齿轮碾碎了时间。
海拔狂飙。
铅皮装甲车终于爬上大西洋洋中脊的断层带,视线所及之处,大块高密度岩层支离破碎。
暗红的地幔物质撕裂地表,在风暴中流淌出刺目的火光。
“咔哒。”
挂挡杆弹起,车身战栗。
阴影覆盖了挡风玻璃。
这是从滚烫岩浆与盐池里爬出来的畸变原住民。
五米长的暗红节肢躯干,长满角质层倒刺的腹部,形态宛若放大了千万倍的皮皮虾。
“砰——!”
一对足以夹断钢梁的巨螯钳住了装甲车的底盘,扭出铁皮的卷曲声。
一头,两头,十头。
暗红的甲壳大军在裂谷边缘集结,彻底围死了这堆移动的废铁。
路明非推开车门。
风暴灌进领口,他趿拉着战术靴,一脚踩碎了地上的硫磺结晶。
一贯没个正形的脸,面无表情。
他抬起头,黑夜褪色。黄金瞳在这片远古断层上骇然睁开。
时零。
在女孩紧贴着防弹玻璃的视界里,男孩化作一团漆黑与赤红交织的风暴。他倒提着一把随手熔炼的铁剑,滑入一只只巨兽的甲壳接缝。
向上平推,手腕翻转。
血液还没来得及迸发,神经节便已被绞碎。
十分钟后。
夏弥小心翼翼地降下一半车窗。
扑面而来一股霸道的蛋白质焦香。
一条比成年男人的大腿还要粗壮的带壳虫腿,怼到了窗棂上,暗红色的节肢甲壳被高温完全烤成了诱人的亮橙色。

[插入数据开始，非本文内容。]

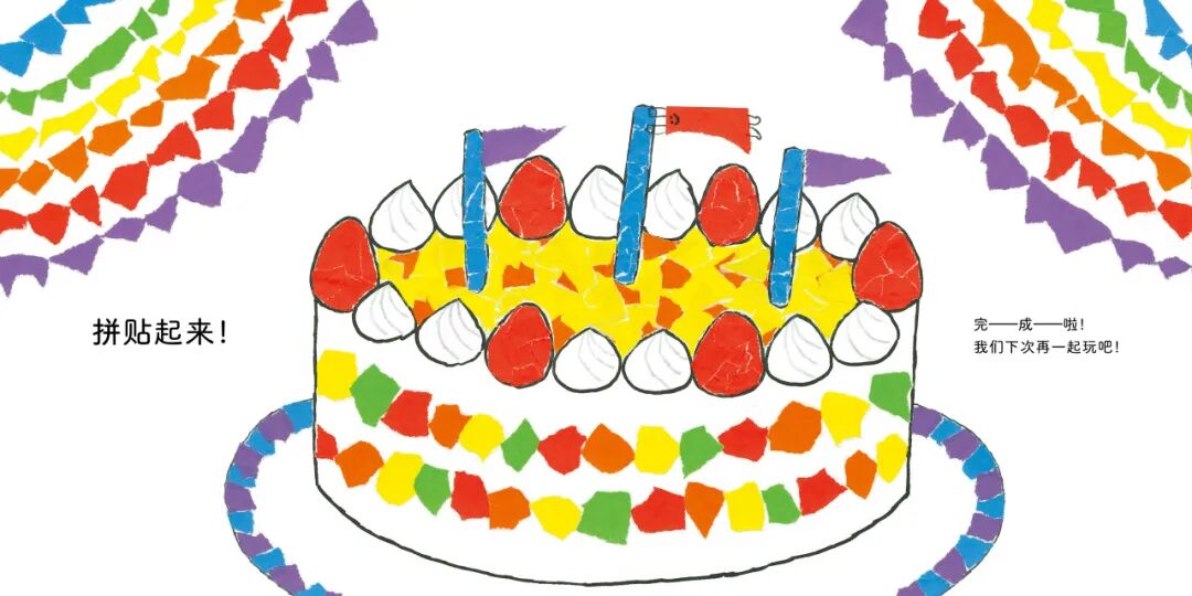 作为综合型的画画绘本,全书提供了126个画画灵感,包括撕纸画、印章画、拓印画、对印画和吹管画。一本一个主题,用讲故事的方式把相应的主题画从易到难玩个遍。最巧妙的是全书没有一处在讲“颜色、线条、形状、肌理、空间”,却处处暗含颜色搭配、原色次色;疏密线、螺旋线、虚实线等长短形状不一的线条;凹凸不平的、粗糙的、光滑的各种肌理;圆形、方形、有机形状等不同的形状。孩子虽然不懂,但是在潜移默化中就感受到了艺术,并且会在看完书后乐此不疲地玩颜料、玩撕纸、玩吹画、玩拓印。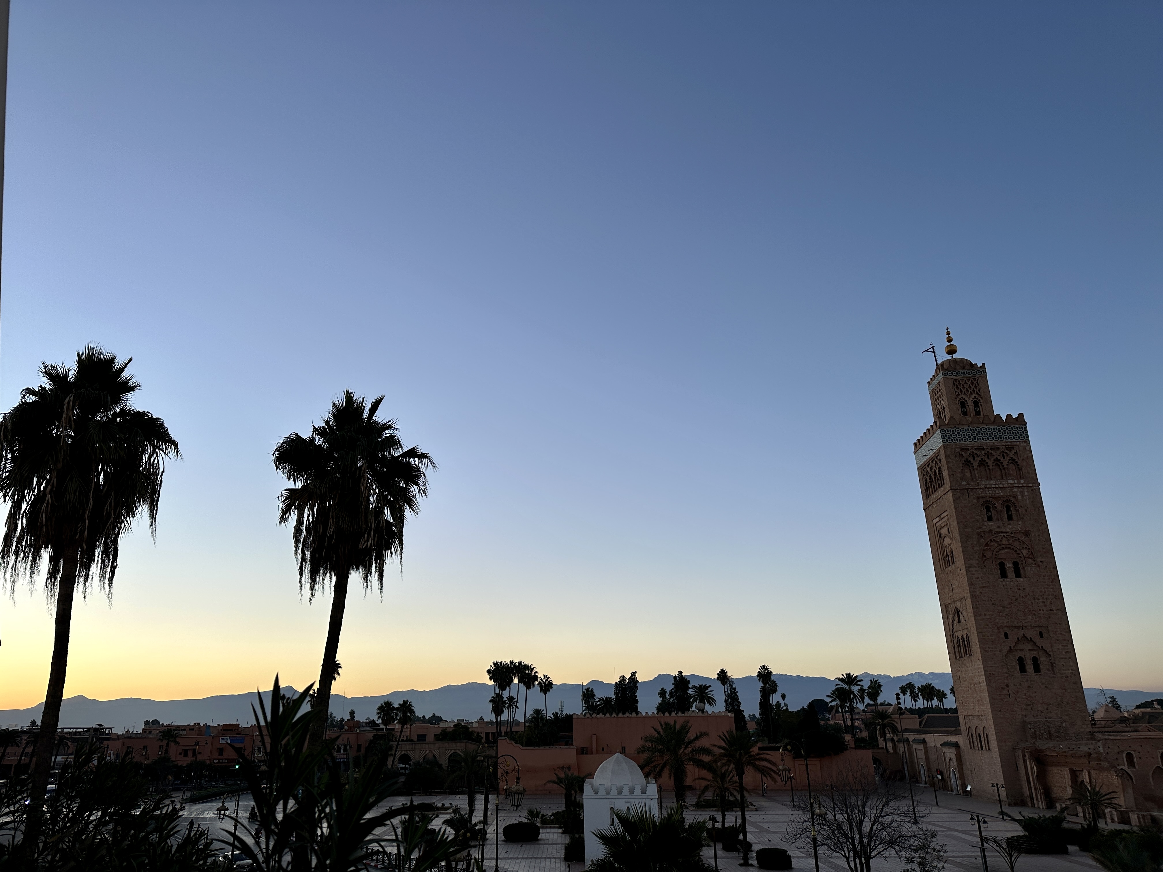 쿠투비아 모스크와 멀리 아틀라스 산맥을 배경으로 일출을 보며 조식을 즐길 수 있는 호텔 이슬란입니다.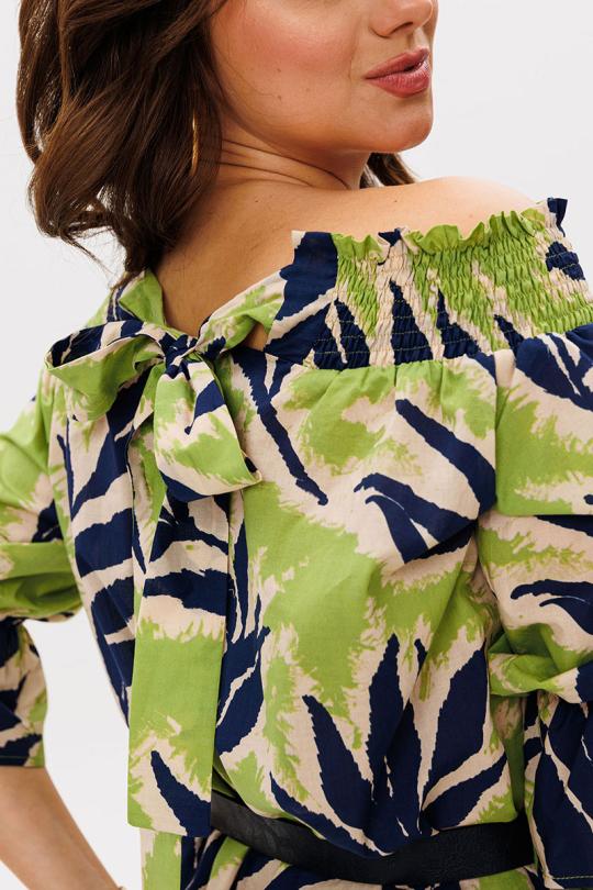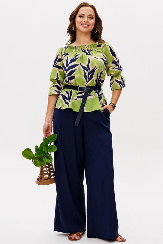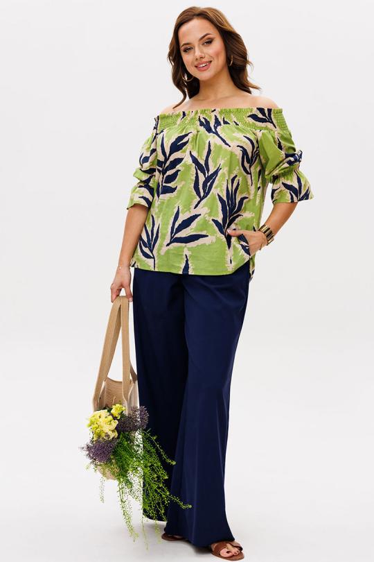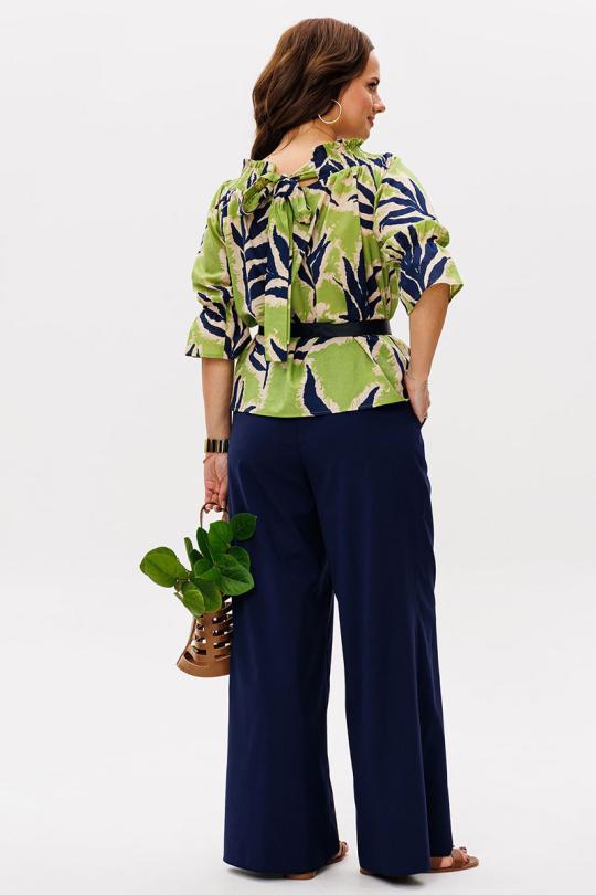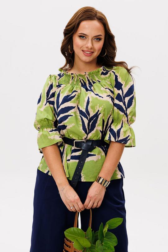 Блуза прямого свободного силуэта из хлопка, рукав 3/4. Низ рукава собран на резинку-венгерку, и образует красивый волан. По бокам блузы разрезы. По верху блузы притачная планка, собранная на резинку-венгерку, на спинке планка завязывается на бант.

边缘翻卷处,淡黄色的滚烫油脂正滋滋往外冒着热气,混杂着海盐晶体的颗粒感,驱散了空气里刺鼻的硫磺味。
路明非站在车外,冰原的狂风把他的乱发吹得像个疯子。
“火候正好。”男孩在冰原里哈出一口长长的热气,舌尖舔掉嘴角的肥油,随口吐出一句烂话,“岩浆锁住了全部汁水,配合海盐的多年腌制。肉质紧实弹牙。就是可惜差一把葱花和蒜蓉。”
他将剩下那截肉质最饱满的虫腿顺着车窗塞了进来。
“别发呆了同桌,再不吃我们就要到冰岛了。”
高贵的耶梦加得盯着还在滴油的虾肉,她清晰地听见了自己喉咙深处,发出了很没出息的吞咽声。
“吃!”
......
热浪扭曲了视线。
几十具巨大的节肢残骸躺在身后的硫磺坑里持续碳化,宛若一场盛大的远古祭祀。
两人并肩坐在装甲车滚烫的铅皮引擎盖上,头顶是崩塌的黑夜,脚下是地狱的烈火。
十分钟前,伟大的大地与山之王还对这根长满倒刺的异星虫腿满脸嫌弃。
十分钟后,龙类的嗜血本能与这具人类躯壳干瘪的胃袋达成了历史性的和解。理智的琴弦吧嗒一声断裂。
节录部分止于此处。